PROMPT: Each line between the one holding "Táto náhrobná ikebana" and the end of the material below, both included, is to be transcribed word for word, with pictures left out.

*** Opening GIVEN MATERIAL ***

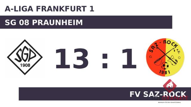 Der Tabellenletzte geriet schon in der siebten Minute in Rückstand, als Elias Bouharrou das schnelle 1:0 für SG Praunheim erzielte. SG 08 Praunheim machte weiter Druck und erhöhte den Spielstand im Eilschritt durch einen Treffer von Fardin Rahimi (8.). Ramon Bolender brachte den Gastgeber in ruhiges Fahrwasser, indem er das 3:0 erzielte (15.). Für Ali Senal war der Einsatz nach 15 Minuten vorbei. Für ihn wurde Moustafa Conteh eingewechselt. SG Praunheim baute die Führung aus, indem Samuel Brehloehr zwei Treffer nachlegte (16./30.). Nach nur 27 Minuten verließ Hieu Pham Trung vom FV Saz-Rock das Feld, Mustafa Alkan kam in die Partie. Can Güler verkürzte für die Gäste später in der 38. Minute auf 1:5. Innerhalb weniger Minuten trafen Rahimi (42.) und Bouharrou (44.). Damit bewies SG 08 Praunheim nochmals die Durchschlagskraft der Offensive. Die Partie war für den FV Saz-Rock bereits zur Pause gelaufen. Ausdruck der gegnerischen Dominanz war ein schier unüberwindbarer Rückstand. SG Praunheim konnte mit dem ersten Durchgang sehr zufrieden sein. Trotzdem gab es Veränderungen bei SG 08 Praunheim. Haakon Föhrenbach ersetzte Brehloehr, der nun schon vorzeitig Feierabend machte. Wenig später verwandelte Nico Tahirovic einen Elfmeter zum 8:1 zugunsten von SG Praunheim (48.). SG 08 Praunheim baute den Vorsprung mit der Hilfe des Gegners weiter aus: 9:1 für SG Praunheim durch ein Eigentor des FV Saz-Rock in der 50. Minute. Tom Erik Schmitt besorgte in der Schlussphase schließlich den 13. Treffer für SG 08 Praunheim (80.). Am Ende ließ SG Praunheim kein gutes Haar am FV Saz-Rock und siegte außerordentlich hoch.
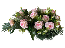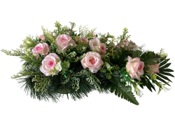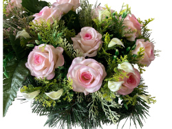 Táto náhrobná ikebana v tvare slzy je vyrobená s citom pre detail a úctu k zosnulým. Dekorácia je zdobená ružovými mini ružami, ktoré pôsobia nežne a elegantne. Umiestnené sú v misku so záťažou, ktorá zabezpečí stabilitu aj pri silnejšom vetre.
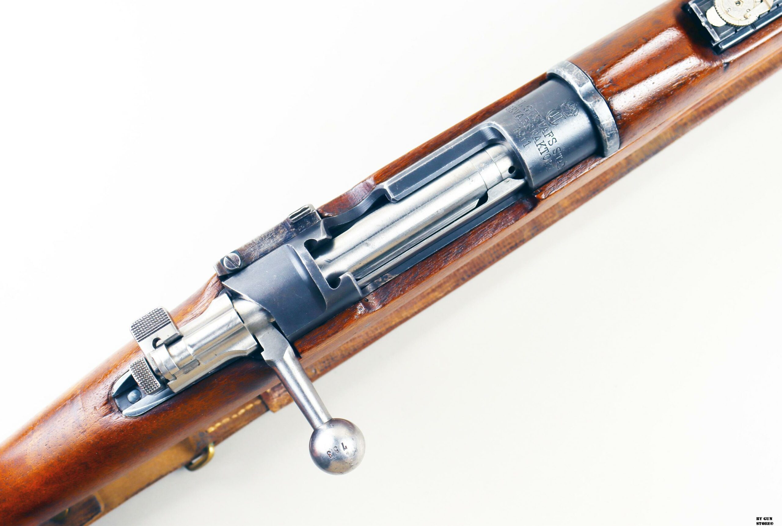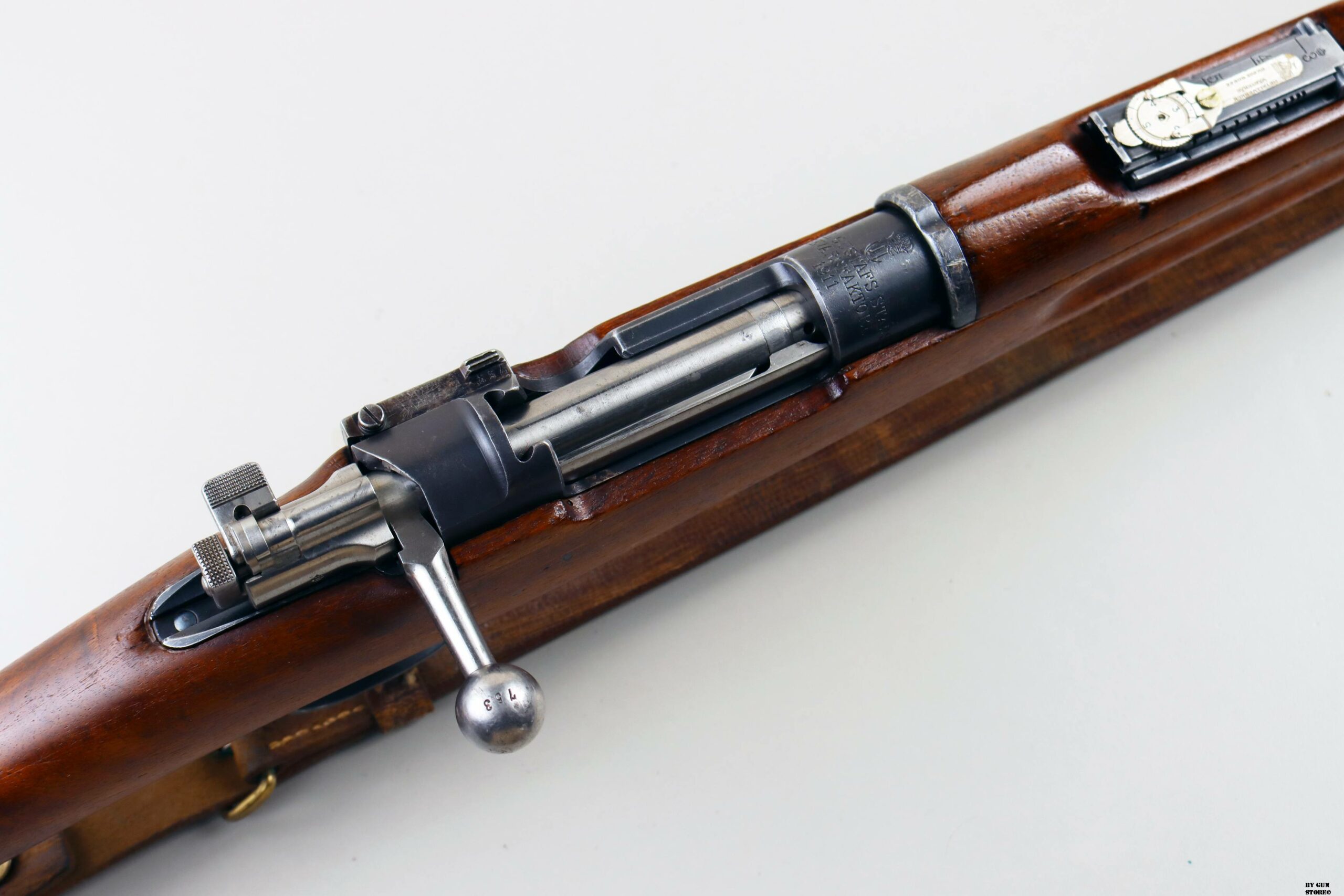 Nel 1938 i Mauser 1896 avevano già più di quarant’anni, fucili così lunghi non erano più adatti ad un conflitto “moderno”, che richiedeva una notevole mobilità. Si decise di accorciare la canna, come avevano già fatto i tedeschi, come avevano già fatto gli italiani, come avevano già fatto gli americani. Nacque pertanto il progetto del Mauser svedese modello 1938 o M/38. Prima di mettere in produzione i Mauser M/38, si provvide ad accorciare dei fucili modello 96, che mantenevano la manetta dell’otturatore dritta e che vennero denominati M/96-38. Questa operazione fu effettuata, nel periodo dal 1938 al 1940, su circa 30.000 fucili. Solo successivamente, dal 1942 al 1944, la produzione degli M/38 propriamente detti (quelli con la manetta dell’otturatore piegata) fu assegnata alla Husqvarna, per un totale di 60.000 fucili, e la stessa Husqvarna produsse, dal 1943 al 1944, 20.000 fucili M/96.

*** Closing GIVEN MATERIAL ***

SOLUTION FOR THIS EXERCISE:
 Táto náhrobná ikebana v tvare slzy je vyrobená s citom pre detail a úctu k zosnulým. Dekorácia je zdobená ružovými mini ružami, ktoré pôsobia nežne a elegantne. Umiestnené sú v misku so záťažou, ktorá zabezpečí stabilitu aj pri silnejšom vetre.
 Nel 1938 i Mauser 1896 avevano già più di quarant’anni, fucili così lunghi non erano più adatti ad un conflitto “moderno”, che richiedeva una notevole mobilità. Si decise di accorciare la canna, come avevano già fatto i tedeschi, come avevano già fatto gli italiani, come avevano già fatto gli americani. Nacque pertanto il progetto del Mauser svedese modello 1938 o M/38. Prima di mettere in produzione i Mauser M/38, si provvide ad accorciare dei fucili modello 96, che mantenevano la manetta dell’otturatore dritta e che vennero denominati M/96-38. Questa operazione fu effettuata, nel periodo dal 1938 al 1940, su circa 30.000 fucili. Solo successivamente, dal 1942 al 1944, la produzione degli M/38 propriamente detti (quelli con la manetta dell’otturatore piegata) fu assegnata alla Husqvarna, per un totale di 60.000 fucili, e la stessa Husqvarna produsse, dal 1943 al 1944, 20.000 fucili M/96.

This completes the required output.